Irish Patients will Lose Out on Major Sight Loss Breakthroughs if Government Does Not Act Now

Irish Patients will Lose Out on Major Sight Loss Breakthroughs if Government Does Not Act Now

– As major international conference on vision research takes place, Fighting Blindness calls for National Registry of Patients with Eye Disease –

– Conference hears from those at the vanguard of research and offers patients a rare opportunity to ask questions of world experts –

– Among speakers are inventor of “bionic eye”, and researchers using space imaging technology to image cells in the retina, and proteins from algae to restore vision –

– Number of people with sight loss expected to climb
from 224,000 to 272,000 by 2020 –

Date of issue: Friday, November 6 2015
Fighting Blindness, one of Ireland’s leading patient-led charities, has today called on the Government to support its National Patient Registry for Rare Inherited Retinal Diseases and to use it as a model to capture more common eye diseases by developing a National Registry of Patients with Eye Disease. The charity is highlighting the critical importance of a register to expedite the process of therapeutic development and ensure that patients have equitable and timely access to cutting-edge treatments and therapies as they emerge. The call was made at Retina 2015, a major international conference organised by Fighting Blindness and supported by Novartis featuring of some of the world’s leading experts on sight loss. The event is taking place in Croke Park, Dublin today, Friday November 6, and tomorrow, Saturday November 7.

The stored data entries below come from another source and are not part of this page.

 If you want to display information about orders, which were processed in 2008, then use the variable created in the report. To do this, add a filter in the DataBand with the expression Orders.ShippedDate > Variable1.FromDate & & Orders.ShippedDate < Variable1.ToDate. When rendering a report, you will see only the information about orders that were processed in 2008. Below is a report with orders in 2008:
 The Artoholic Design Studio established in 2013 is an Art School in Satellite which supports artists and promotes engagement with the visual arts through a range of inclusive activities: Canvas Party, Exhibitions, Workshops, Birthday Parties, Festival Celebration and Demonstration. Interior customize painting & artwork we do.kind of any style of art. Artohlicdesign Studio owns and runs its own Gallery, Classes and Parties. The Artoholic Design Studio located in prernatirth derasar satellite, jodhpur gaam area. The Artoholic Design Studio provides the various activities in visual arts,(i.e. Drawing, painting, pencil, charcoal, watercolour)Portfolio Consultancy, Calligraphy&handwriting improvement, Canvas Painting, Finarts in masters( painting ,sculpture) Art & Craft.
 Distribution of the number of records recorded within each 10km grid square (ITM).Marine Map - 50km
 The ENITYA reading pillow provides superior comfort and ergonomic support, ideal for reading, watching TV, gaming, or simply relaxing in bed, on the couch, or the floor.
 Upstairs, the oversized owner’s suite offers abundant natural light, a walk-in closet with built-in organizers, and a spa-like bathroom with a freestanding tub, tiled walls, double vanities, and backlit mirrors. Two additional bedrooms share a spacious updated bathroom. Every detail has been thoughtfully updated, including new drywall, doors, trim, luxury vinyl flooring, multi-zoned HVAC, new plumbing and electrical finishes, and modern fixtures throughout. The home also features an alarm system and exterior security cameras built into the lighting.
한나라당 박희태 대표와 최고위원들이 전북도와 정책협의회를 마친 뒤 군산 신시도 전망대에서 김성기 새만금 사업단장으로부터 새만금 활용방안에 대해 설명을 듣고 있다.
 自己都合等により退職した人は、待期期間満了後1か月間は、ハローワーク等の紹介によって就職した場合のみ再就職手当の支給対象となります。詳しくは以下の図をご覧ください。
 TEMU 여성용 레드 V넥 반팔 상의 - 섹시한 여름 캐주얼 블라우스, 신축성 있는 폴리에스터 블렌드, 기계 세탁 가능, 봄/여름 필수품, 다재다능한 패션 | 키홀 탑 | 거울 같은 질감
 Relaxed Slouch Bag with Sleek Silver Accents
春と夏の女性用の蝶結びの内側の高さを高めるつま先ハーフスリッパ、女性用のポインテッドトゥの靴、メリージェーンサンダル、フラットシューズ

Among the conference key speakers are:

  • Professor Eberhart Zrenner, Tübingen Center for Ophthalmology, Germany, the inventor of the subretinal implant or “bionic eye” which aims to give artificial vision back to blind patients
  • Dr Joseph Carroll, Medical College of Wisconsin (USA), who is using adaptive optics, originally developed for imaging deep into space, to image the retina and enable specific cells to be targeted with gene therapies. Dr Carroll’s father hails from New Ross, Co. Wexford
  • Professor John Flannery, University of California, Berkeley (USA), whose optogenetics research is focusing on using proteins from algae to restore sight
  • Dr Shannon Boye, University of Florida (USA), who is developing a gene therapy to treat the most common cause of blindness in children
  • Jason Smyth, the fastest paralympian on the planet, who has Stargardt disease, the juvenile form of macular degeneration
  • and Mr Aodhán Ó Ríordáin TD, Minister of State, Department of Justice & Equality.

With sight loss affecting some 224,000 people in Ireland currently and projected to rise to 272,000 by the year 2020, Fighting Blindness is prioritising the importance of vision research, having to date invested over €15 million across more than 70 research projects.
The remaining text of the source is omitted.